What are your rights regarding your data?
As a data subject, you have the following rights:
- right to access the data – you have the right to know which data is stored about you and how it is processed
- right to rectification – you have the right to request the rectification of the personal data concerning you if the data are incorrect or incomplete
- right to data deletion ("right to be forgotten") – you have the right, in certain cases, to require that we erase your personal data (for example, if we no longer need it, if you withdraw your consent to the processing of your personal data, etc.)
- right to restrict processing – in certain cases, you have right to prohibit or restrict the processing of your personal data for a certain period (e.g. if you have objected to data processing)

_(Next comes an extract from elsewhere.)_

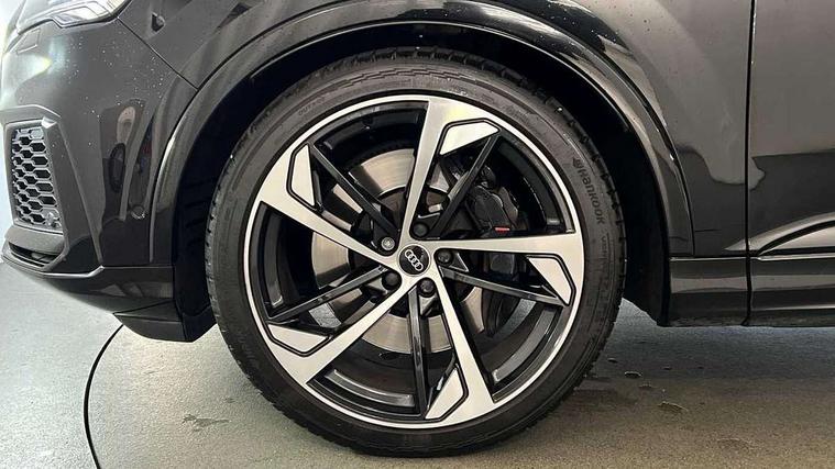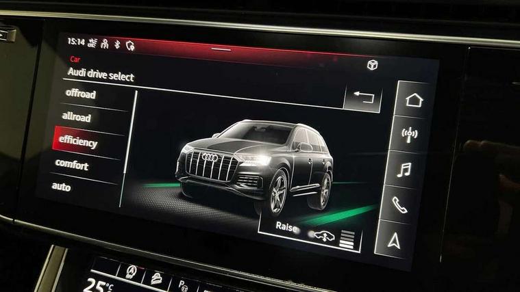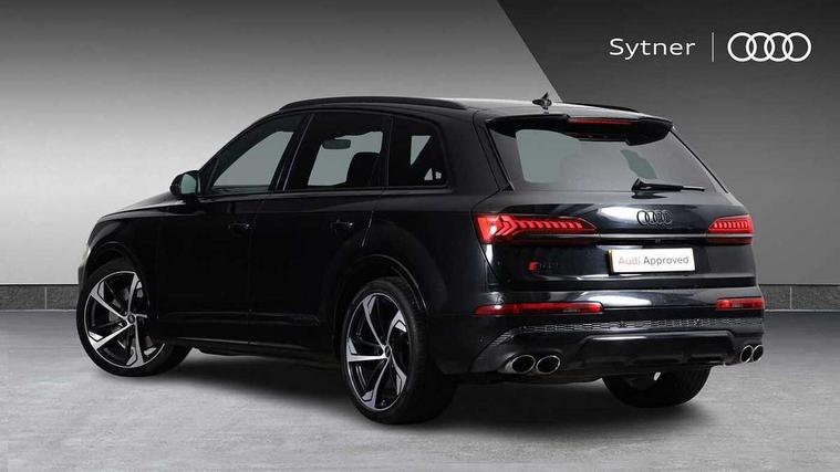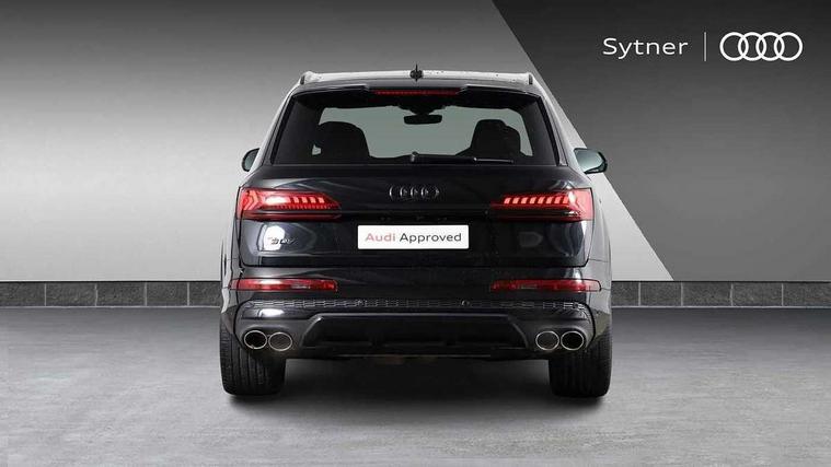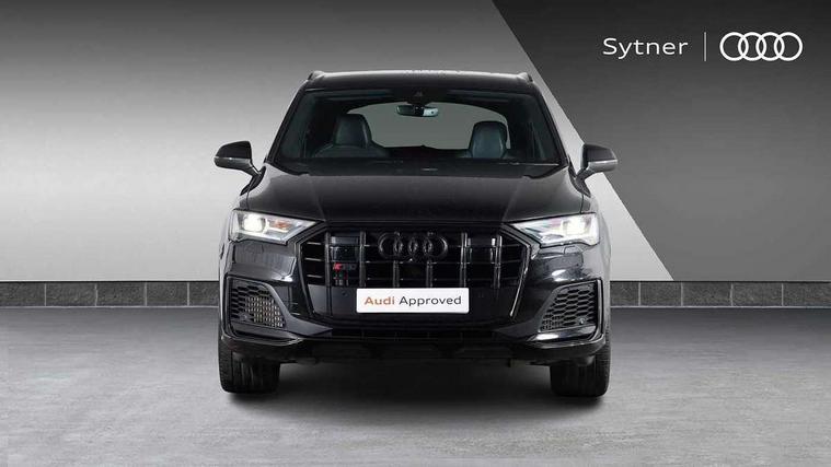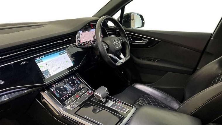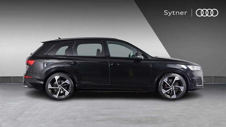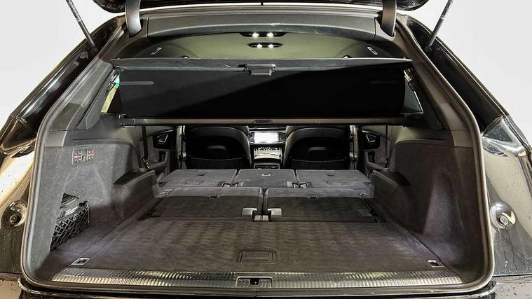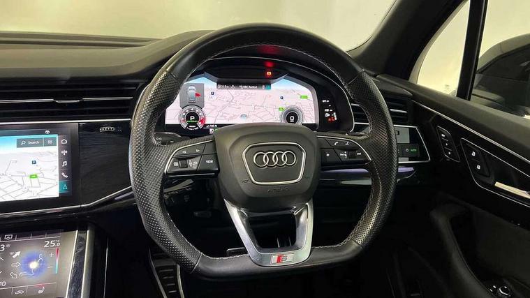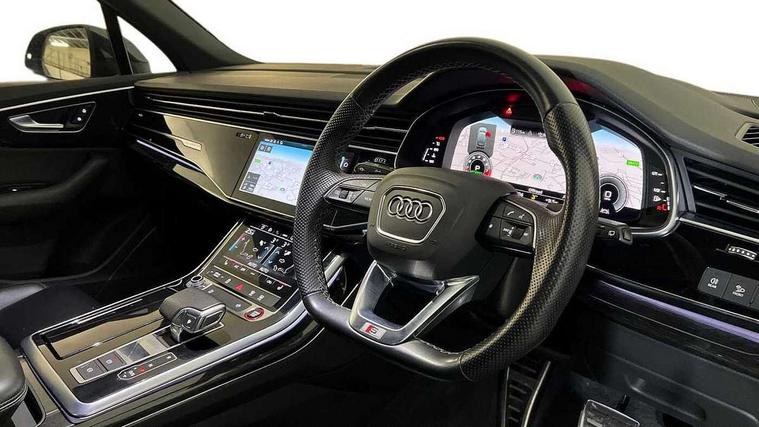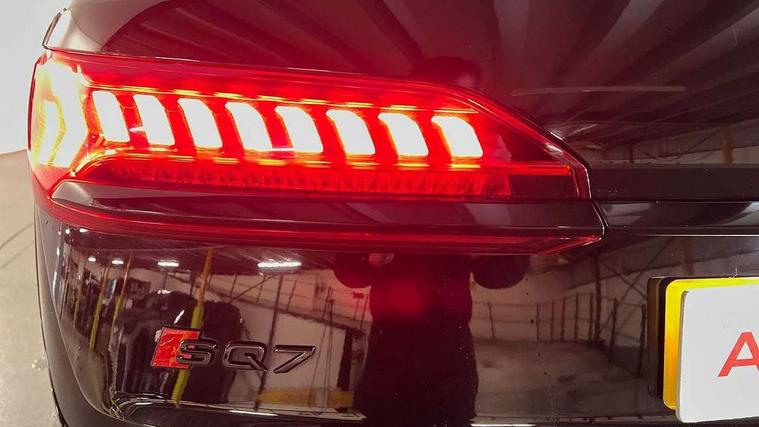 All wheel steering, Audi connect safety and service (e-call), Audi connect with Amazon Alexa Integration, Audi drive select (Auto, Comfort, Dynamic, Efficiency, Individual, Off-road and All road), Audi virtual cockpit - 12.3" high-resolution LCD display with fully customisable instrument cluster, Bluetooth interface, Camera based traffic sign recognition, MMI navigation plus with MMI touch screens includes 10.1" and 8.6" screens with haptic feedback, Natural voice recognition, Parking system plus with 360 degree display (front, rear and side sensors) - acoustic and visual park assist system, Power operated tailgate, Rear view camera, Smartphone interface includes wireless Apple carplay/Android Auto, Start/stop system, 48V Mild hybrid technology, 85 litre fuel tank, Quattro all wheel drive with self locking centre differential, S specific adaptive air sport suspension, Audi music interface - front 2 USB-C ports with charger and data functions, Audi sound system with 6 channel amplifier, 180 watt amplifying capacity and 10 loudspeakers including subwoofer, DAB digital radio module, 3rd brake light, Audi Beam uses LEDs to project Audi logo onto the ground as you exit your SQ7, Audi matrix LED headlights with dynamic front and rear indicators, Auto dimming frameless rear view mirror, Black roof rails, Electrically adj heated/folding + automatically dimming exterior mirrors with memory + automatic kerb side function for passenger side exterior mirror, Gloss black finish for exterior Audi rings and SQ7 logos, Heat insulating glass in windshield, Integrated LED indications in door mirrors, LED daytime running lights, LED rear tail lights, Privacy glass - dark tinted rear and rear side windows from B-pillar backwards, Rear side wing doors, Rear wiper, S front and rear bumpers, S specific rear bumper with 4 exhaust pipes, 2 seat bench in 3rd row, 3 seat bench in 2nd row, 4 zone deluxe automatic climate control, 7 seat layout with ISOFIX points for the front passenger seat and rear passenger seat, Black cloth headlining, Comfort front centre armrest, Electric adjustable front seats/backrest bolsters, lumbar support, memory functionality, Folding rear seats, Front head restraints, Front/rear floor mats, Heated front seats, Illuminated door sill trims with S logo, LED interior ambient lighting, Luggage compartment cover, Luggage compartment sill protection in stainless steel, Rear head restraints, Single front passenger seat, Stainless steel pedals, Sunvisors with illuminated vanity mirrors, Valcona leather upholstery with front super sport seat, Titanium black styling pack - Q7/SQ7, 3 point seatbelts on all rear seats, Audi pre sense front, Child locks on rear doors, Driver and front passenger, front side and curtain airbags, Electromechanical parking brake, Electronic Stabilisation Control (ESC) including ABS, ASR and EDL, Extended pedestrian protection measures, Hill hold assist, Seatbelt monitoring, Tyre pressure loss indicator, Warning triangle and first aid kit, Anti theft alarm, Anti-theft wheel bolts and wheel loosening detection, Keyless Go, Remote central locking, Polished oak trim with grey finish inlay, 22" 5 arm trapezoid design audi sport alloy wheels in anthracite black with gloss turned finish, Tool kit, Tyre repair kit,

- right to object – in light of a particular situation, you have the right to object to the processing of your personal data when your data are processed based on our legitimate interest or in the public interest. Objections may be filed at any time for the processing of personal data for direct marketing purposes
- right to transfer the data – you have the right to require the transfer, in a machine-readable form, of the data provided by us to you. You can also request data transfer directly to another controller, but only if it is technically feasible. The transfer right applies only to the data that we process with your consent or to perform the agreement with you
- automatic decision-making (including profiling) – if we have informed you that we use automated decision-making based on automated processing (including profiling) that results in legal consequences for you or has a significant effect on you, then you may require that the decision is not made solely on the basis of automated processing.
If you have any questions regarding the information in the policy or you wish to file an application to exercise the rights of the data subject, please contact us at the e-mail address firstname.lastname@example.org.
Meriton Hotels AS is the controller of personal data, we forward the personal data necessary for making payments to the authorized processor Maksekeskus AS.
We will do our best to address your requests and wishes in good time and free of charge, except in cases where this would be associated with a disproportionate cost. If you are not happy with the answer provided by us, you will be able to appeal to the Data Protection Inspectorate.